→ WORK INSTRUCTIONS:
Restate every entry verbatim; drop the pictures.

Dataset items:
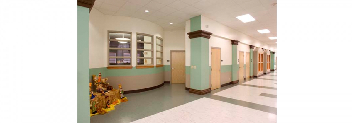 This project was commissioned to create a central connecting element between two 1920’s classroom buildings that would collate the schools scattered administrative and media functions into one space. SGB sought to design a structure that would easily identify as the primary entry to the campus while being in harmony with the existing historic architecture. The new building connects the existing classrooms and gymnasium and includes administrative offices, media centers, computer labs, and an entry canopy for secure student entry.
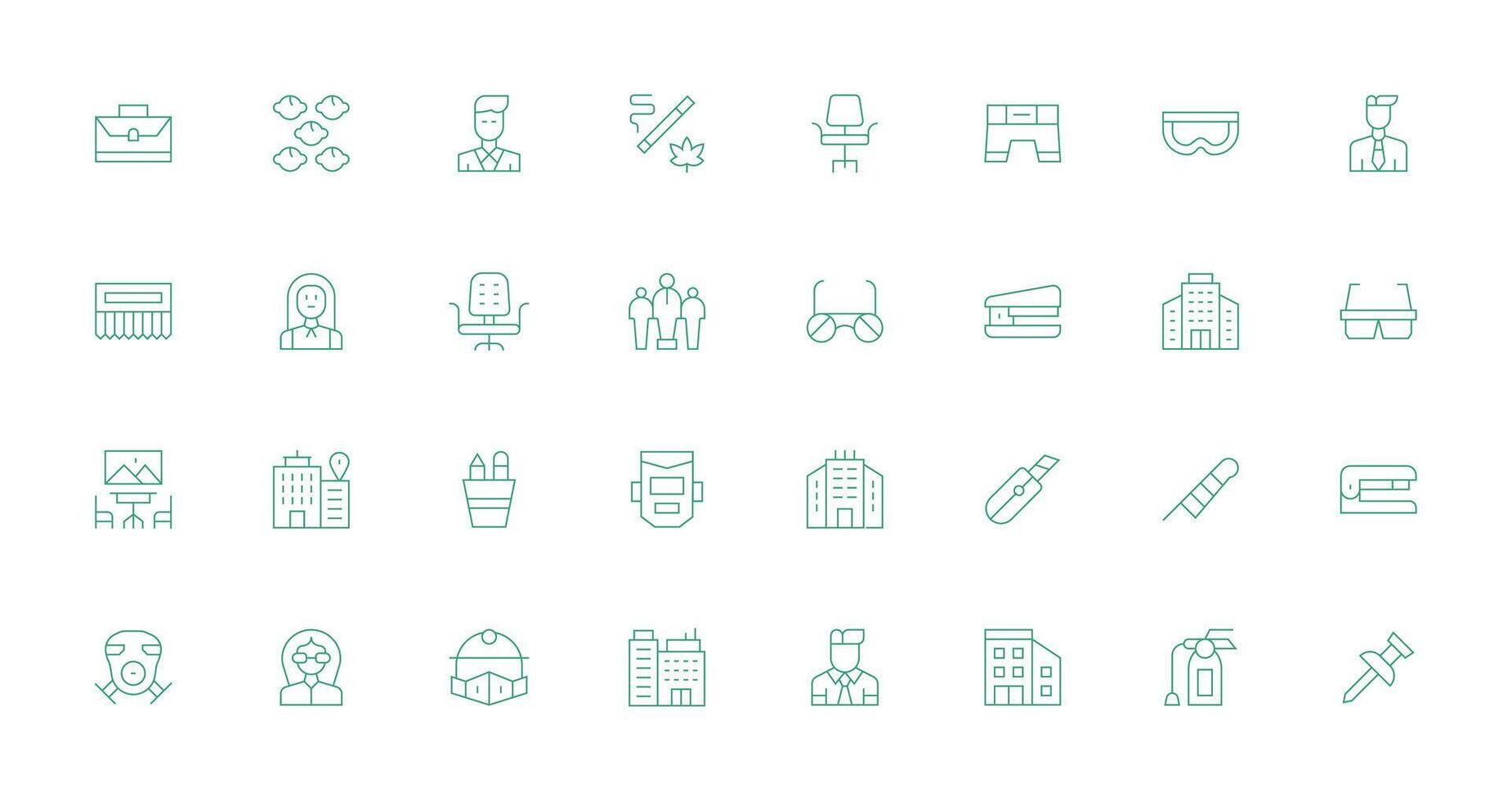 32 Thin Line Style Icons from Workplace Collection Clean Icon Collection for Web Use vector
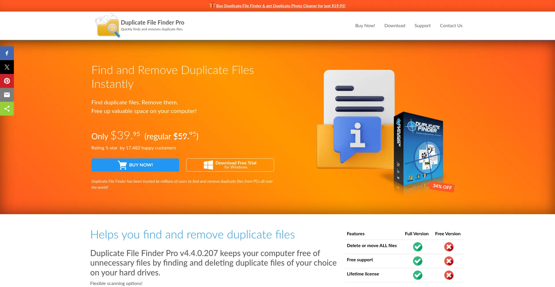 帮助保护他人,快在社交媒体上分享此页面吧!知道duplicate-file-finder.com的人越多,骗子就越难得逞。 通过在社交媒体上分享此页面,帮助更多人发现可靠的duplicate-file-finder.com吧!
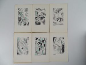 [ESTAMPES] - FOLLIETTE (E.) - Suite de 20 planches In-8° en feuilles en 2 tons sur vélin BFK de Rives ayant servi à illustrer Les Fleurs du Mal de Charles Baudelaire aux éditions genevoises Éditions d’Art Albert Skira, en 1945 - Bon état en...
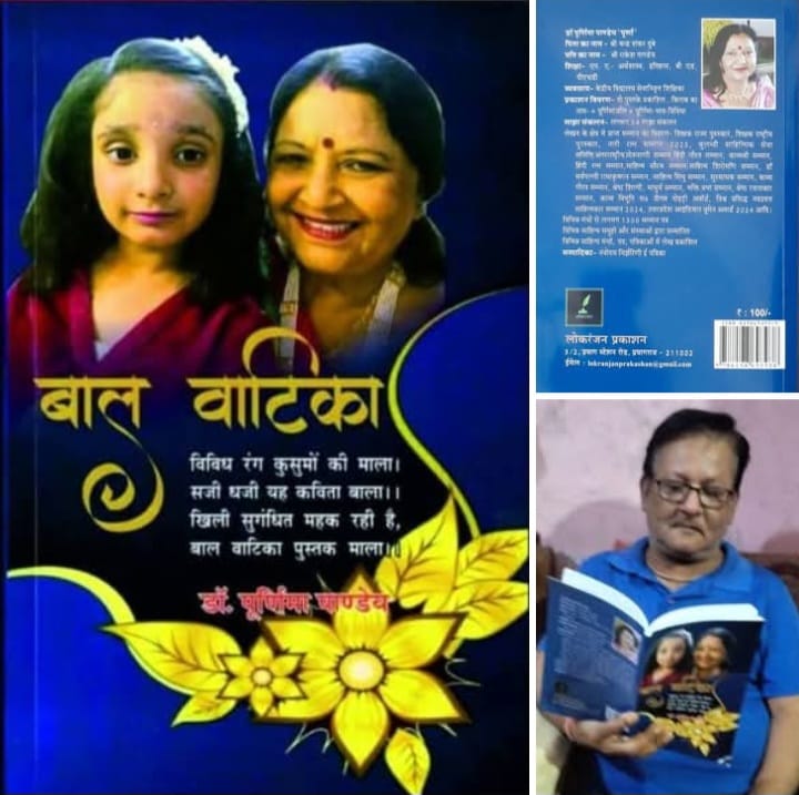 वरिष्ठ कवयित्री/सेवानिवृत्त शिक्षिका डा. पूर्णिमा पाण्डेय ‘पूर्णा’ का ‘पूर्णिमांजलि’ और ‘पूर्णिमा भाव वीथिका’ के बाद बाल वाटिका पाठ को के बीच है। माना जाता है कि बच्चों के मनोभावों को पढ़ना इतना आसान नहीं होता अपेक्षाकृत बड़ों के।बतौर रचनाकार मेरा मानना है कि बढ़ो के लिए लिखना उतना कठिन नहीं जितना जी बच्चों के लिए शायद इसीलिए बच्चों के लिए बच्चों के लिए रचनाकारों की संख्या काफी कम है।
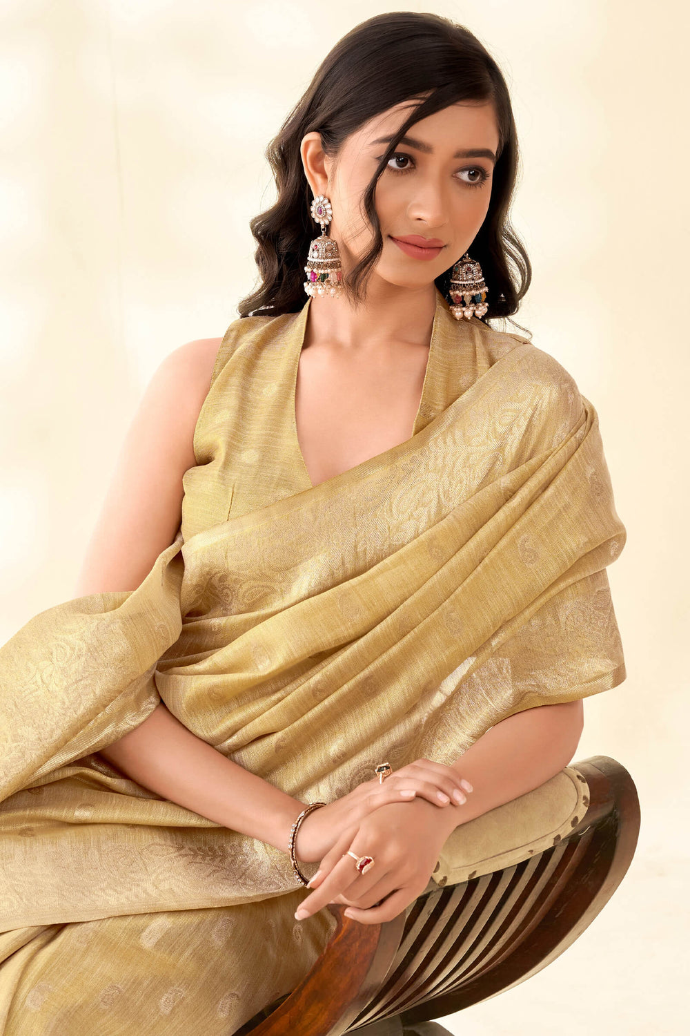 Embrace subtle charm with the Desert Beige Tissue Linen Silk Saree. The soft neutral hue enhances your natural elegance, while the lightweight tissue-linen silk ensures a flowing drape. Perfect for office celebrations, brunches, and casual festive occasions.
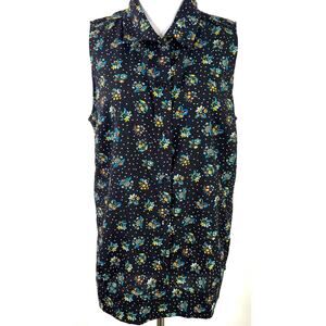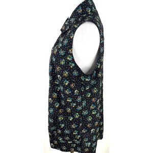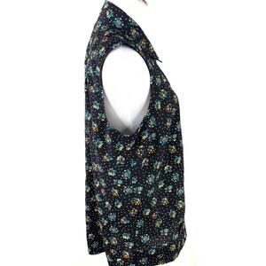 Cabi #3440 Whimsey Black Floral Sleeveless Button Up Blouse Shirt Size Medium
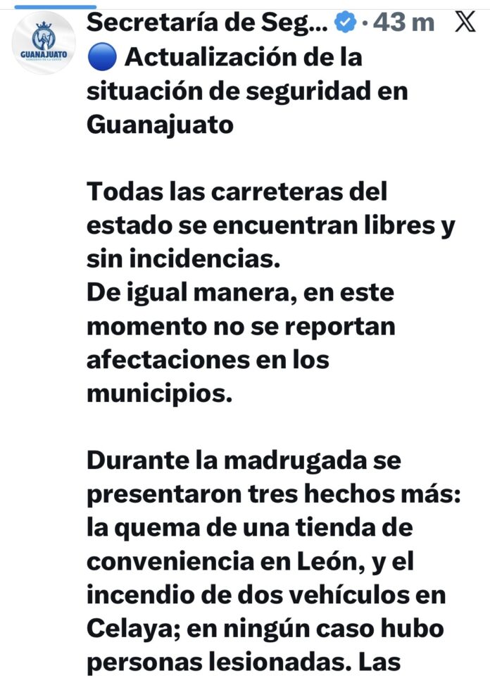 Guanajuato.-La Secretaría de Seguridad y Paz del Estado de Guanajuato confirmó que la situación de seguridad se mantiene controlada y sin afectaciones en los municipios, por lo que todas las carreteras estatales y federales permanecen abiertas y sin incidentes.

→ SOLUTION:
 This project was commissioned to create a central connecting element between two 1920’s classroom buildings that would collate the schools scattered administrative and media functions into one space. SGB sought to design a structure that would easily identify as the primary entry to the campus while being in harmony with the existing historic architecture. The new building connects the existing classrooms and gymnasium and includes administrative offices, media centers, computer labs, and an entry canopy for secure student entry.
 32 Thin Line Style Icons from Workplace Collection Clean Icon Collection for Web Use vector
 帮助保护他人,快在社交媒体上分享此页面吧!知道duplicate-file-finder.com的人越多,骗子就越难得逞。 通过在社交媒体上分享此页面,帮助更多人发现可靠的duplicate-file-finder.com吧!
 [ESTAMPES] - FOLLIETTE (E.) - Suite de 20 planches In-8° en feuilles en 2 tons sur vélin BFK de Rives ayant servi à illustrer Les Fleurs du Mal de Charles Baudelaire aux éditions genevoises Éditions d’Art Albert Skira, en 1945 - Bon état en...
 वरिष्ठ कवयित्री/सेवानिवृत्त शिक्षिका डा. पूर्णिमा पाण्डेय ‘पूर्णा’ का ‘पूर्णिमांजलि’ और ‘पूर्णिमा भाव वीथिका’ के बाद बाल वाटिका पाठ को के बीच है। माना जाता है कि बच्चों के मनोभावों को पढ़ना इतना आसान नहीं होता अपेक्षाकृत बड़ों के।बतौर रचनाकार मेरा मानना है कि बढ़ो के लिए लिखना उतना कठिन नहीं जितना जी बच्चों के लिए शायद इसीलिए बच्चों के लिए बच्चों के लिए रचनाकारों की संख्या काफी कम है।
 Embrace subtle charm with the Desert Beige Tissue Linen Silk Saree. The soft neutral hue enhances your natural elegance, while the lightweight tissue-linen silk ensures a flowing drape. Perfect for office celebrations, brunches, and casual festive occasions.
 Cabi #3440 Whimsey Black Floral Sleeveless Button Up Blouse Shirt Size Medium
 Guanajuato.-La Secretaría de Seguridad y Paz del Estado de Guanajuato confirmó que la situación de seguridad se mantiene controlada y sin afectaciones en los municipios, por lo que todas las carreteras estatales y federales permanecen abiertas y sin incidentes.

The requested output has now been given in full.